Lo escribí aquí hace mucho tiempo, cuando quienes ahora sufren escraches en Galapagar los bendecían en Calatayud. Y como jamás alcanzaré la sombra de Julio Camba, ni viviré sus trece años en la habitación 383 del Hotel Palace, aprovecharé hoy para imitarlo en lo único que puedo y estrenarme en la técnica del autoplagio, o sea el refrito. Así que me van a perdonar si no pongo comillas, pero yo siempre he rechazado los escraches, ir a casa de alguien y acordarse de su madre delante de sus hijos.

Por un lado, si a mi juicio un gobernante nos jode la vida y por tanto merece que se la jodamos, en opinión de usted será otro quien nos la jode y merece que se la jodan. Esa razón subjetiva que un vecino esgrime para visitar el portal de Epi, es la misma que impulsará a otro a visitar el de Blas. Por otro lado, hasta el peor mandamás, cargo de honor discutible, tiene derecho a su espacio personal y protegido.

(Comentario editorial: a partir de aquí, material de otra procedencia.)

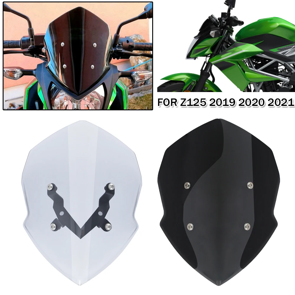 Купить Motorcycle Windscreen For Kawasaki Z 125 Z125 2019 2020 2021 ABS Sport Windshield Airflow Wind Deflector With Mounting Bracket за 1450рублей
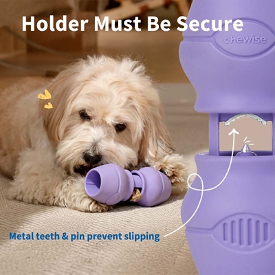 Holderen er designet med et unikt metaltanddesign, som minimerer risikoen for, at den løsner sig, hvilket giver ultimativ tyggesikkerhed og forhindrer kvælningsfare, hvilket sikrer dit kæledyrs sikkerhed og ro i sindet under snacktiden.

En algún sitio se debe establecer la frontera entre lo público y lo privado, por mucho que lo primero afecte a lo segundo. Para algunos, ni siquiera el domicilio puede ser refugio de nadie. Para mí, fuera del parlamento, el diputado es un ciudadano al que podré admirar, despreciar, defender y odiar, pero la calle es tan suya como mía. Su hogar, solo suyo y de los suyos. Basta cambiar el nombre del posible escrachado para que esto resulte muy lógico. Lo que no desees para el balcón de tu alcalde favorito, no lo desees para el del prójimo. Y yerran esos políticos y periodistas que aplauden casi el linchamiento. Como si ellos no tuvieran enemigos. Ni casa. Ni madre. Años después de estas líneas, al menos chocita tienen.